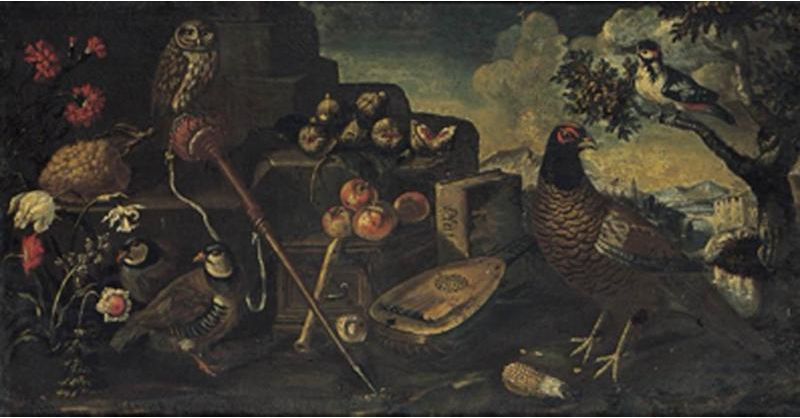 - Still-life with Flowers, Apples, Figs, Fowl and Musical Instruments (17th century), Italian (Lombard). Location unknown: auctioned Sotheby’s (Milan), Sale MI0220, Old Master Paintings, 2 December 2003, Lot 115 (unsold). Ref. Sotheby’s Sale MI0220, Catalogue Old Masters Paintings (2003: Lot 115); Gabrius Databank (2007, col.) On the ground are scattered an elaborate desk with shelves and drawers; two vases of wilting flowers; an owl (on an elaborate perch), a peacock and a guinea-hen; figs and apples; a book; a lute, and an alto-sized renaissance-style recorder with a slightly flared bell. A fourth bird sits in a tree to the right. A town can be seen in the background.
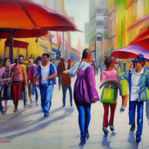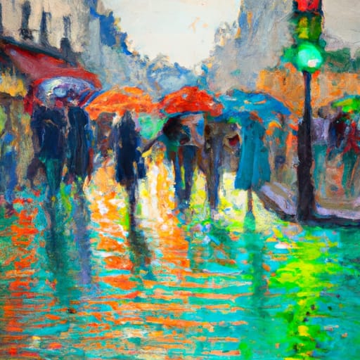 2. An impressionist painting of a bustling Parisian street corner on a rainy afternoon, with people hurriedly walking under colorful umbrellas, their reflections shimmering on wet cobblestones.
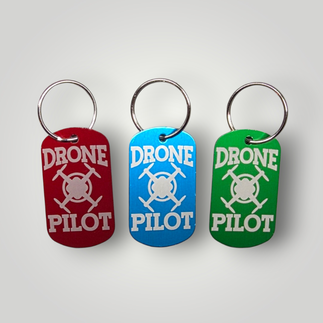 We have some exciting new products coming in 2025. Our first new product will be custom made metal key rings (dog tag style) Choose one of our pre-made drone themed logos or add your custom logo.

Aim of the exercise = Print each line of the listing exactly and include no pictures.

Exercise output =
 - Still-life with Flowers, Apples, Figs, Fowl and Musical Instruments (17th century), Italian (Lombard). Location unknown: auctioned Sotheby’s (Milan), Sale MI0220, Old Master Paintings, 2 December 2003, Lot 115 (unsold). Ref. Sotheby’s Sale MI0220, Catalogue Old Masters Paintings (2003: Lot 115); Gabrius Databank (2007, col.) On the ground are scattered an elaborate desk with shelves and drawers; two vases of wilting flowers; an owl (on an elaborate perch), a peacock and a guinea-hen; figs and apples; a book; a lute, and an alto-sized renaissance-style recorder with a slightly flared bell. A fourth bird sits in a tree to the right. A town can be seen in the background.
 2. An impressionist painting of a bustling Parisian street corner on a rainy afternoon, with people hurriedly walking under colorful umbrellas, their reflections shimmering on wet cobblestones.
 We have some exciting new products coming in 2025. Our first new product will be custom made metal key rings (dog tag style) Choose one of our pre-made drone themed logos or add your custom logo.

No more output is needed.